Updated: Dec 13, 2020
1. Research the Company
When preparing for an interview, it’s imperative that you research the company. For example, everyone knows that Starbucks sells coffee, but did you know that they use recycled products and are big on environmental issues? Depending on the firm or business that you are meeting with, make sure that at least two to three days before the interview you do a search for the company and then look at their About Us page. Read the latest news on them and view their press releases. Review the information the night before and the day of. That way, you’re well-prepared for the interview.
2. Research Your Interviewers
You might find information about the interviewer on sites like LinkedIn or on their company website. Maybe the interviewer just relocated to that office from the West Coast. This is the perfect segue to something you can state during the interview when asked about yourself. You might say, “I saw on LinkedIn that you relocated from California. I relocated too, and I’ve found that I can work well on both coasts.” The interviewer might also support social issues you both have in common. You can bring this up if it’s relevant and you have a genuine interest in the subject.
3. Bring Up Your Key Points
An interview is a time to highlight how you can help a company. When you’re preparing for your interview, think about areas to highlight about your past experience. For example, if the company has social awareness incentives for their staff and you helped to spearhead the initiatives at your old company, these can be key points you can bring up when the interviewer asks you about yourself. You can say, “Well, I saw on your website that you support green initiatives and recycling. At my old firm, I started a paperless system that saved our firm a lot of money.”
4. Find Answers to Their Problems
Interviews are a way to help fix a problem. For example, if the person they are looking to replace had an inflexible schedule and yours is flexible, you might be the answer they are looking for. When asked if you have any questions for the interviewer, you can ask “What problems did you have with the person that I am replacing, if you don’t mind me asking?” They might say, “The person lived far away and commuting was a nightmare. They were always late.” That’s your chance to say, “That won’t be a problem for me as I live nearby.”

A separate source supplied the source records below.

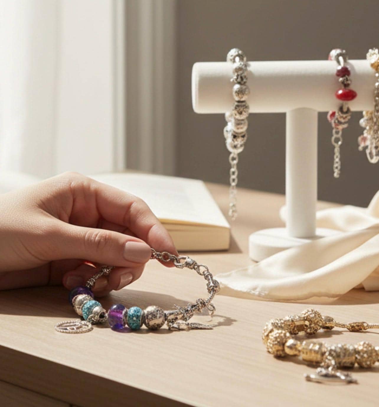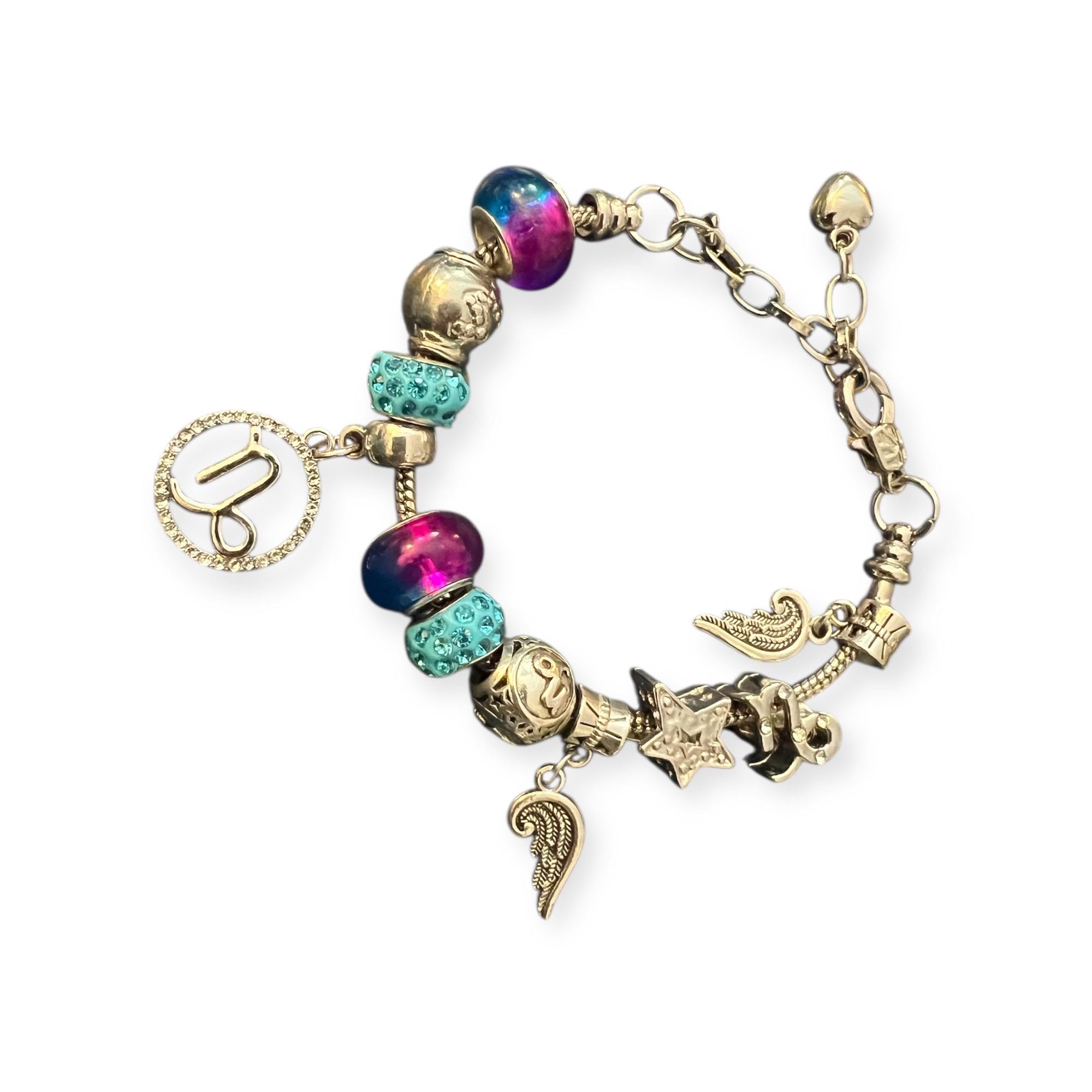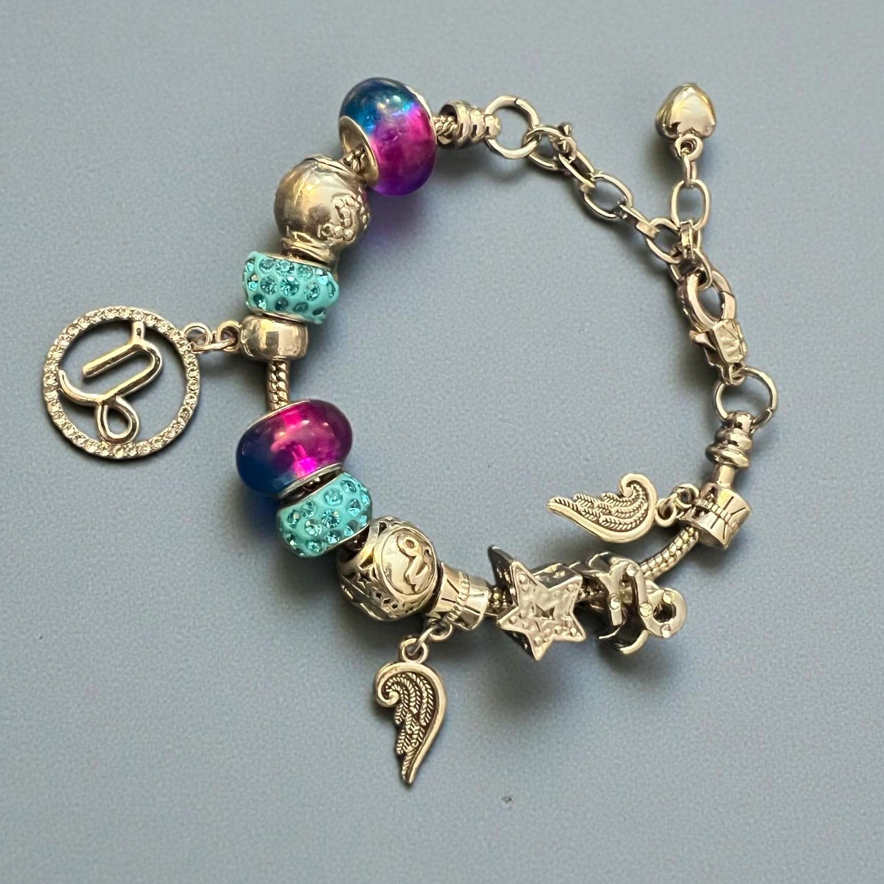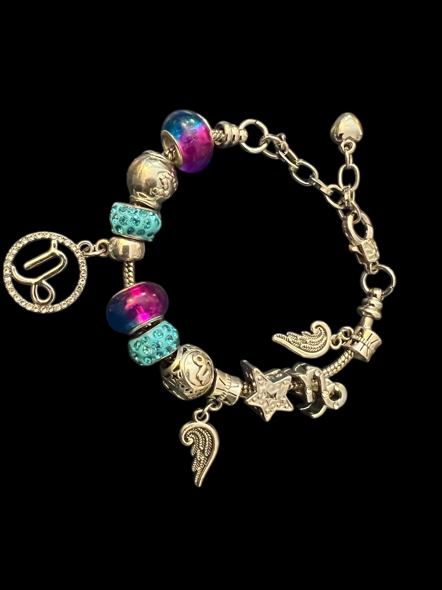 Colorful Y2K Charm Bracelet: Purple Beads, Angel Wings, and Capicorn Zodiac Charms on snake chain charm holder with fastener that opens and closes not only to allow you to place the bracelet into one’s wrist, it also allows you to add or change your beads or charm themes or color scheme. super fun, cool and not your mother’s!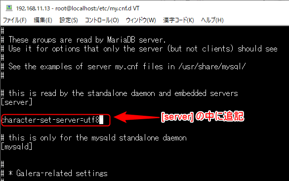 viエディタを起動してその中の [sever] 内に character-set-server=utf8 と入力。これはコメントアウトを外すとかいうのではなく完全に追記。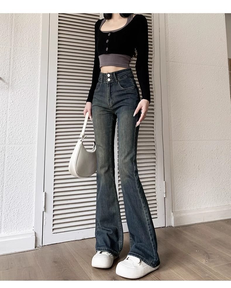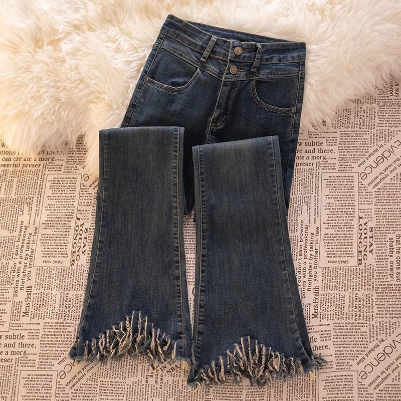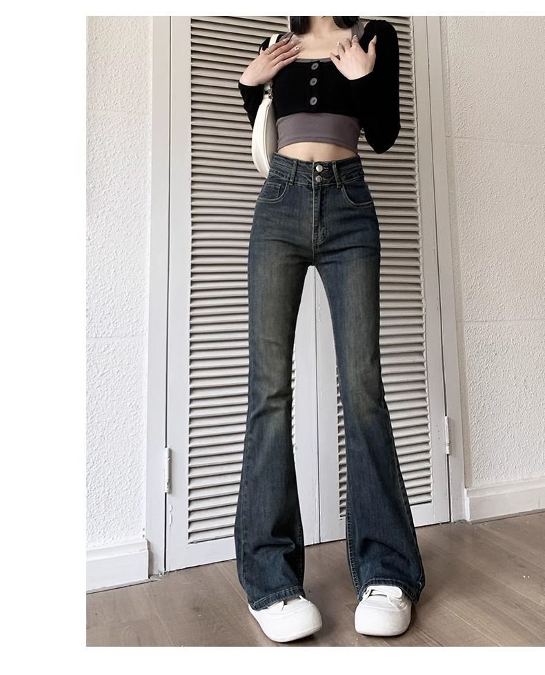 セメントの灰の小さいラッパのジーパンの女性の2024春秋の新型の高い腰はやせている毛の辺の小さい小さい毛の辺のラッパのズボンを現します。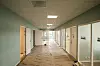 malte betongvegger. I administrasjonsdelen er det malt betong og sparkler og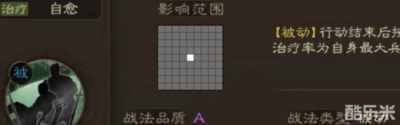 这是一个a品质被动战法,只要能获得紫色武将董袭并将其分解之后,就能直接获得。效果是在回合行动结束后,按照当前自身兵力百分比恢复,达到满级时恢复比例为11%,也就是说如果当前自身最大兵力为1万,那么每回合后治疗数值就是1100。虽然比不上其他治疗武将加血效果,但是作为自身恢复使用,而且是被动加成,已经非常可观。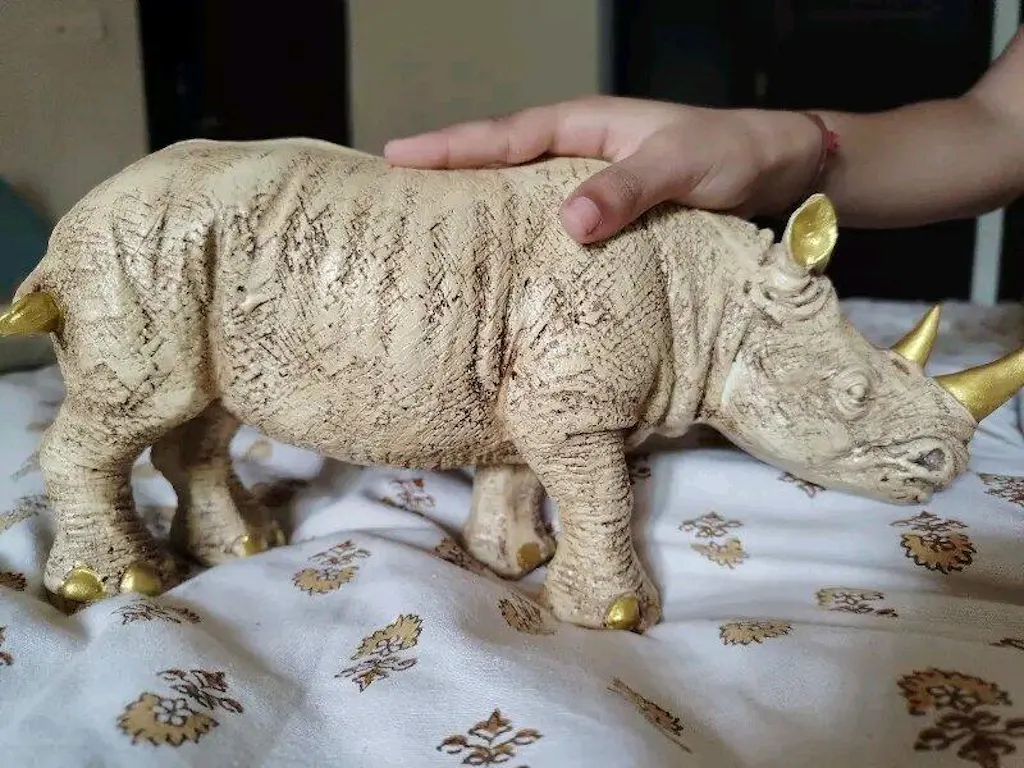 Bring home the power and resilience of the wild with this exquisitely crafted Rhino Statue. Designed with a rustic stone-textured finish and adorned with golden accents on the horns, hooves, and tail, this piece beautifully blends strength with elegance. Perfect as a centerpiece for your living room, study, or office, it symbolizes protection, stability, and endurance—making it not just a décor item, but a statement of timeless charm.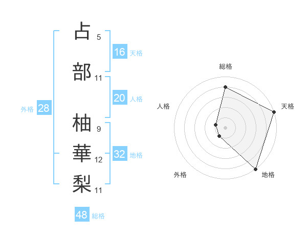 占部 柚華梨さんの天格は16画の5点!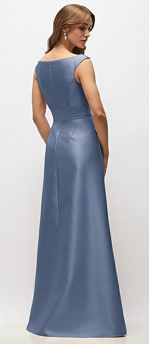 Basque-Neck Strapless Satin Gown with Mini Sash in larkspur blue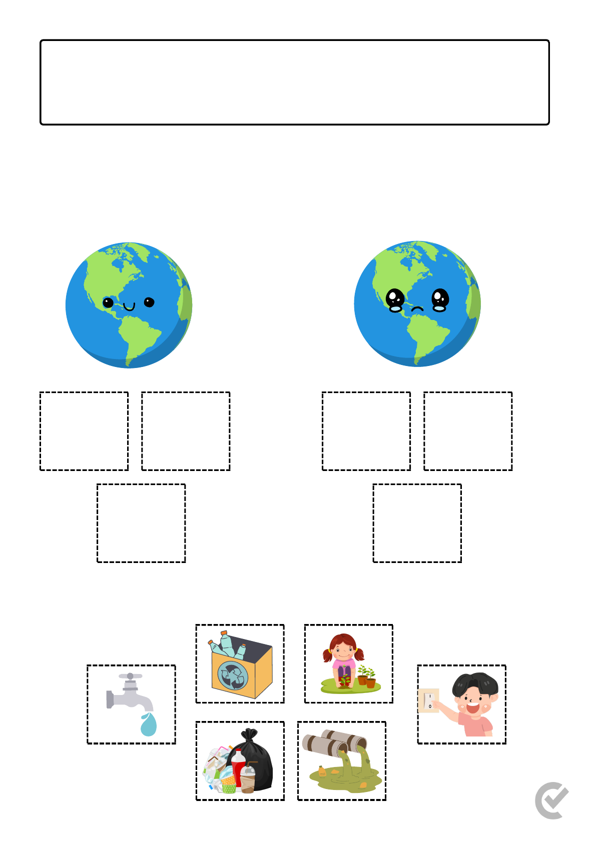 Nome: ______________________________________________________ Turma: ___________ RECORTE E COLE AS COISAS QUE FAZEM BEM PARA O NOSSSO PLANETA E AS COISAS QUE FAZEM MAL. Escola: ______________________________________________________ Data: ___/___/___

5. Don’t Forget to Follow-Up
As you end the interview, you may want to ask how they will be following up with the next steps. Most interviewers will tell you right away if they want to move on with you and have you come back to meet with their team or managers. They might also tell you that they are still interviewing and will start the next phase in a few weeks. Find out so you’ll know when you can expect to hear back from them. If you don’t hear back, you can send a short email to follow-up with them.
6. Send a Thank-You
When you receive the business card from the person you are interviewing with, hold onto it. On the same day you meet with them, you can send a thank-you card in the mail. This is a way to show that you are grateful for their time and it leaves a lasting impression. You can include in the card that you were grateful for their time and think that you would make the perfect addition to their firm and hope to hear from them. Let them see how you stand out from the competition by sending a short follow-up.
7. What To Do When You’re Hired
If you’re been hired for a new role, congratulations! You might receive the information from the interviewer in a phone call with a hiring date or in an email. They will then send out an offer letter to you with your proposed salary, the benefits, vacation time and so forth. Remember the points that you discussed during the interview; for instance, if they wanted someone that was never late. That way, during the probationary period you can show them that you are a good investment and you were the right choice. Be on time and always give them your absolute best.